Watsup guys...new to the forum. Been vaping for over a year. Iv got the smok m80 and the ohm reading seems to be jumping up and down when i fire it. It happens on both my rba and rda. Iv checked for loose screws but all seems good. Any suggestions? ?


----------



## Alex_123 (11/11/15)

Hey man. Welcome.
Ive had issues too.
Loose screws on RDA or rba is main problem. It could be the 510 on the mod itself too. I have never owned the mention device. But make sure threads are clean on the mod. 
If all tanks and rdas are doing it, it will most likely be the mod itself.
Clean threads, tight screws usually fix the issue!

Reactions: Like 1


----------



## Dustin (11/11/15)

Dustin said:


> Watsup guys...new to the forum. Been vaping for over a year. Iv got the smok m80 and the ohm reading seems to be jumping up and down when i fire it. It happens on both my rba and rda. Iv checked for loose screws but all seems good. Any suggestions? ?

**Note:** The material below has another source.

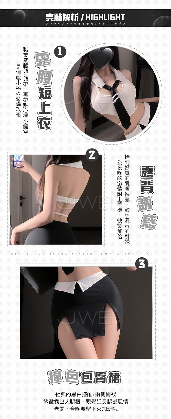 ►您現在的位置:首頁>OL領域.挖空露腰美背撞色雙開衩包臀裙OL小秘制服套裝【上衣+領帶+包臀裙+內褲】

Thanks man. Im starting to think it is the mod itself. It just happened over night. Could it not be the gauge kanthol im using? Currently using 26?

Sent from my GT-I9500 using Tapatalk


----------



## stevie g (11/11/15)

There are a few threads on the forum about the smok m80 resistance jumping, I would try to link to them but I'm on my phone.


----------